Revisiting “D” word: Pakistan should opt for debt restructuring

External debt servicing burden country faces today is one of the highest in the world


Ali Salman January 09, 2023
DESIGN: MOHSIN ALAM

ISLAMABAD:

In its recent media release, the independent Economic Advisory Group (EAG) has encouraged the government to consider initiation of debt restructuring negotiations to avoid the risk of “disorderly default”.

It clarified that “this will…come at the expense of meeting additional conditionalities agreed with the creditors, who will bear the cost of restructuring. None of these options are without economic pain, but a well-managed restructuring process can allow the economy to recover faster than otherwise.”

In this article, I will advocate this view that given the trade-off, the Ministry of Finance should seriously consider debt restructuring.

To provide a context, Pakistan’s external debt servicing has increased from $6.5 billion in FY13 to close to $26 billion in FY23. This is equivalent to 65% of Pakistan’s exports (estimated at $40 billion in FY23) and 37% of exports and remittances.

In 2013, Pakistan’s external debt servicing was only 20% of exports. The external debt servicing burden (as a percentage of exports and remittances) that Pakistan faces today is one of the highest in the world.

The finance minister has repeatedly maintained that Pakistan will not consider debt restructuring and will honour its external debt servicing. So far, he has managed to deliver on his promises.

It seems that he is pursuing a two-pronged strategy: one is reliance on friendly countries like China and Saudi Arabia. Last week’s army chief visit to Saudi Arabia and a telephonic contact between the premiers of China and Pakistan must be related to the same strategy.

The second part of his strategy seems to secure additional funding from external sources, especially the Geneva conference, for flood rehabilitation.

Pakistan is seeking $16 billion of grants and debt under this head, from which it has received about $4 billion already. This may be sufficient to secure external debt servicing for FY23 without the need of any restructuring.

Although the international agencies are demanding strict control over the planned spending, money, in the end, is fungible.

However, if Pakistan’s hopes of securing significant additional external funding for flood rehabilitation are not fulfilled, then the reliance on expectations from friendly countries will become critical.

Also, pressure to increase electricity tariff and fuel surcharge will be difficult to resist, which will be detrimental to the cost of living and the dwindling political capital of PML-N.

Alternatively, we propose that Pakistan should sit down with all creditors to agree on a new schedule of external debt servicing and at the same time lift administrative controls on import and import payments immediately.

Once we do it, business activities will restore and economic output will begin to gain momentum. While trade deficit may increase as a result, this should not worry us.

About 90% of Pakistan’s imports are non-luxury in nature. It means that it is very costly to control imports without the risk of an overall economic slowdown.
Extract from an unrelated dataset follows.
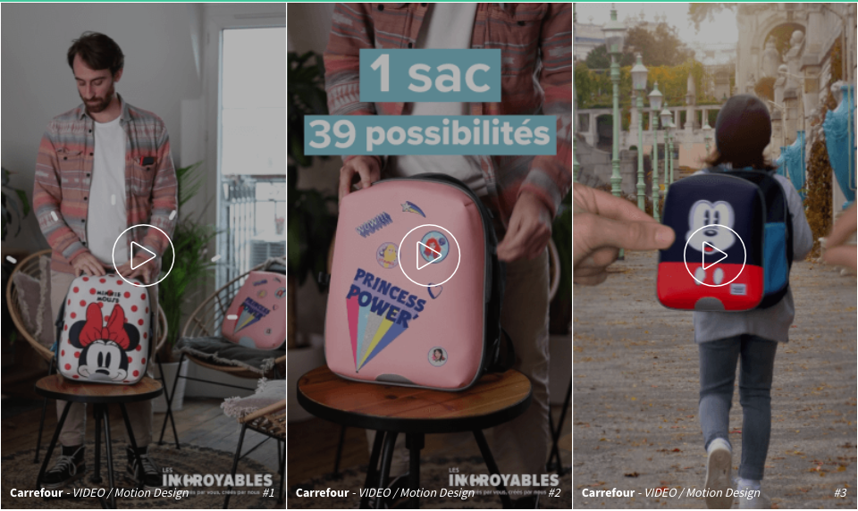 Concrètement, lorsque l'on fait la promotion d'un produit ou d'un service, notre approche va être de dégager une "little idea" pour chaque plateforme, tout en maîtrisant les coûts de production grâce à des talents agiles, des techniques créatives peu coûteuses, ou des shootings mutualisés. Anticiper les idées créatives permet ainsi de créer une seule campagne qui va s’exprimer différemment en fonction des touchpoints. C’est ce que nous avons fait pour Carrefour, qui a lancé un sac à dos, à destination des enfants, possédant une coque personnalisable et interchangeable. Nous avons créé une campagne unique, mais avec des assets créatifs différents selon les plateformes (packshots, démo produit, témoignages…) de manière à avoir un résultat le plus adapté possible aux codes de ces dernières.

We have already witnessed it in the last quarter of 2022.

Any calls for import substitution at the policy level should be strictly discouraged, while markets may be encouraged to become more competitive.
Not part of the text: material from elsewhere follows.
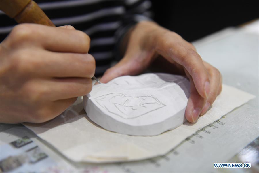 An enthusiast makes models for leaves in Yangzhou, east China's Jiangsu Province, June 18, 2019. Chocolate vine, or akebia quinata, makes a great ingredient of various crafts including artificial flowers. The flower-making is complex, as it contains a series of procedures including bleaching, pasting, shaping and dyeing. Yet, the artificial flowers made from such shrub are vivid and have high value. In 2007, the flower-making techniques were listed as provincial intangible cultural heritage in Jiangsu. Dai Chunfu, 79, has been an inheritor of such art in Yangzhou since his childhood. Dai is skillful with years of experience and has accepted more than 10 apprentices. He welcomes the younger generation to learn this delicate art so as to pass the torch. (Xinhua/Ji Chunpeng)

Importantly, this strategy will minimise the gap between the open market and black market exchange rate. Once this is done, the remittance flow through banking channels will not decrease and exporters will be encouraged to realise their receivables sooner than later.

This will bring a substantial increase in the monthly dollar inflow, which will provide an additional cushion to Pakistan’s forex reserves, thus giving some degree of confidence to the policymakers, and to the market.

Debt restructuring will also decrease the pressure on the government to increase electricity tariffs or petroleum levy, though in the end, we will need to respect international prices.

There will be genuine apprehensions of a further downgrade by the international credit rating agencies in the case of debt restructuring. This concern is not well-placed.

First, Pakistan’s bond has already been downgraded to the junk status despite timely payments on Eurobonds in December 2022. This was in the making since the middle of 2022, owing to the catastrophic fiscal decisions made by the ousted PTI government.

In this context, the finance ministry under Miftah-Dar deserves credit for reducing the risk of default at least in the recent past.

That does not preclude the risk of a disorderly default in the future. The fact that banks are dishonouring LCs of importers is a default at least at the private-sector level.

The banks are claiming difficulty in release of dollars due to administrative controls by the central bank. Dar has made it public that while he is not going to change the SBP autonomy status, he believes that this has gone too far.

Ultimately, credibility, predictability and transparency in economic decision-making is the most important strategy for any government. This should be rules-based and not based on discretion.

Economic stability can be ensured by sticking to these rules and by institutionalising economic governance.

As the EAG press release reminds us, policymakers must acknowledge the difficult choices the country faces and overcome policy paralysis to avoid the dire consequences of a disorderly default.

The writer is the executive director of PRIME, an independent economic think tank based in Islamabad

 

Published in The Express Tribune, January 9th, 2023.